Final answer:
The probability of winning the second prize in the 6/49 lottery is calculated using combinations. The resulting probability is 1/258.
Step-by-step explanation:
The subject of the question is Mathematics, and it pertains to the topic of probability in the context of a lottery game. In the 6/49 lottery, players choose 6 numbers from a set of 49. The second prize is usually won by matching five numbers plus the bonus number.

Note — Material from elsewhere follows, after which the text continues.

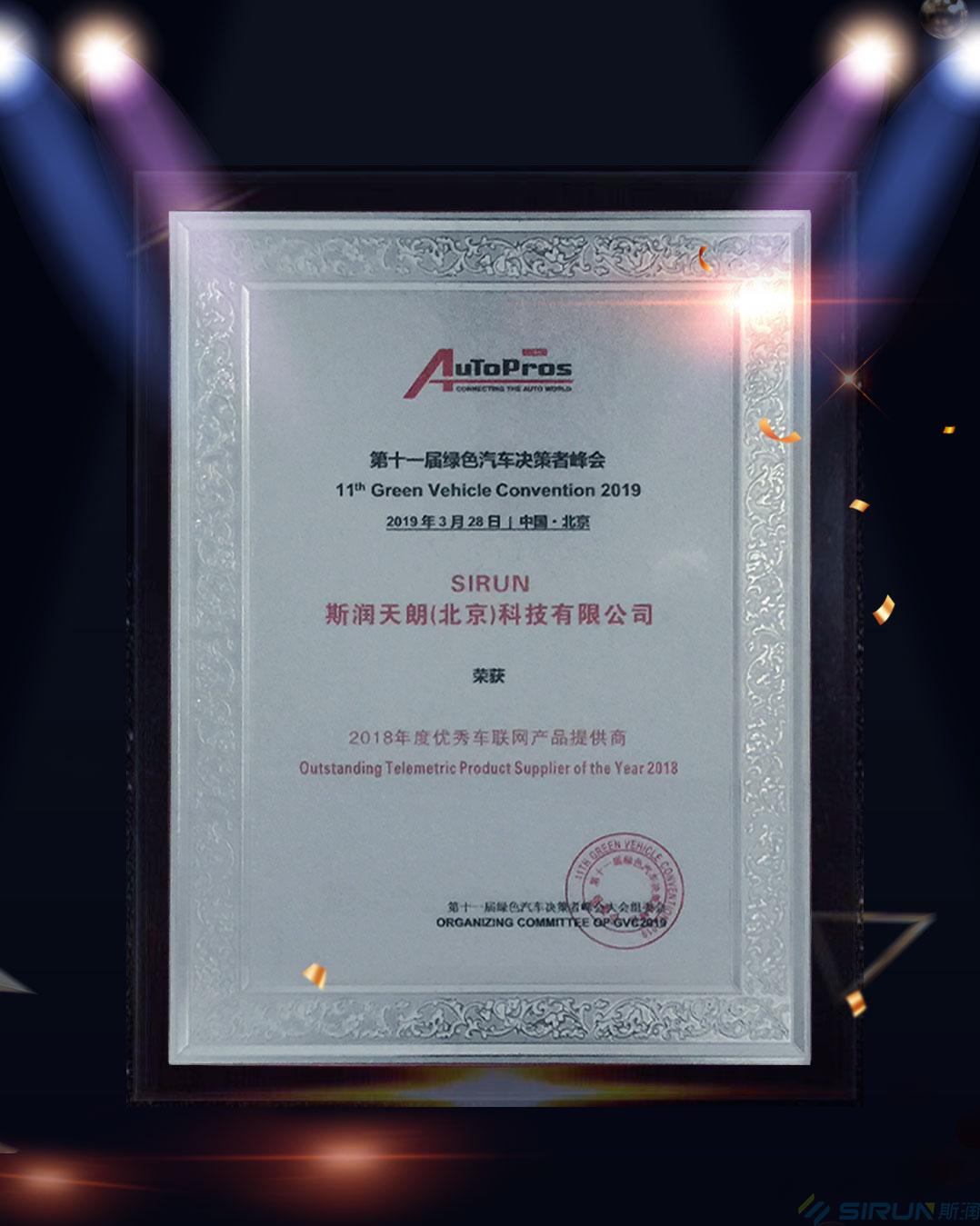 AuToPros 第11屆綠色汽車決策者峰會(huì)于2019年3月28日在北京舉辦,在“第十一屆綠色汽車決策者峰會(huì)”頒獎(jiǎng)典禮上,斯?jié)櫶炖蕵s獲“2018年度優(yōu)秀車聯(lián)網(wǎng)產(chǎn)品提供商”和“2018年度優(yōu)秀電動(dòng)車核心零部件提供商” 雙獎(jiǎng)項(xiàng)。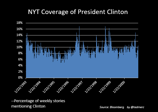 Given the outsized coverage of Trump by the media, I went back to look at how much press the NYT dedicated to previous presidents during their time in office. Clinton tended to fluctuate around 8% of the articles in the paper. That was about the same as where Reagan ended.

To find the probability of winning the second prize, we use the combination formula which is used to determine the number of ways to choose a subset of objects from a larger set where order does not matter. The formula for combinations is C(n, k) = n! / [k!(n-k)!] where n is the total number of objects, and k is the number of objects to be chosen. The notation '!' denotes a factorial, the product of all positive integers up to that number.
The calculation for the probability of choosing 5 correct numbers from the 49 possible numbers is C(49, 5), and since there are 44 remaining numbers from which the bonus number must be chosen, the calculation for the bonus number is C(44, 1). Thus, the probability of winning second prize is:
P(second prize) = C(49, 5) * C(44, 1) / C(49, 6)
Calculating the factorials and performing the combinations gives:
P(second prize) = [49! / (5! * 44!)] * [44! / (1! * 43!)] / [49! / (6! * 43!)]
= [49 * 48 * 47 * 46 * 45 / (5 * 4 * 3 * 2 * 1)] * 44 / [49 * 48 * 47 * 46 * 45 * 44 / (6 * 5 * 4 * 3 * 2 * 1)]
= 1 / (43 * 6)
Simplifying this, we get:
P(second prize) = 1 / 258
Therefore, the probability of winning the second prize in the 6/49 lottery is 1/258.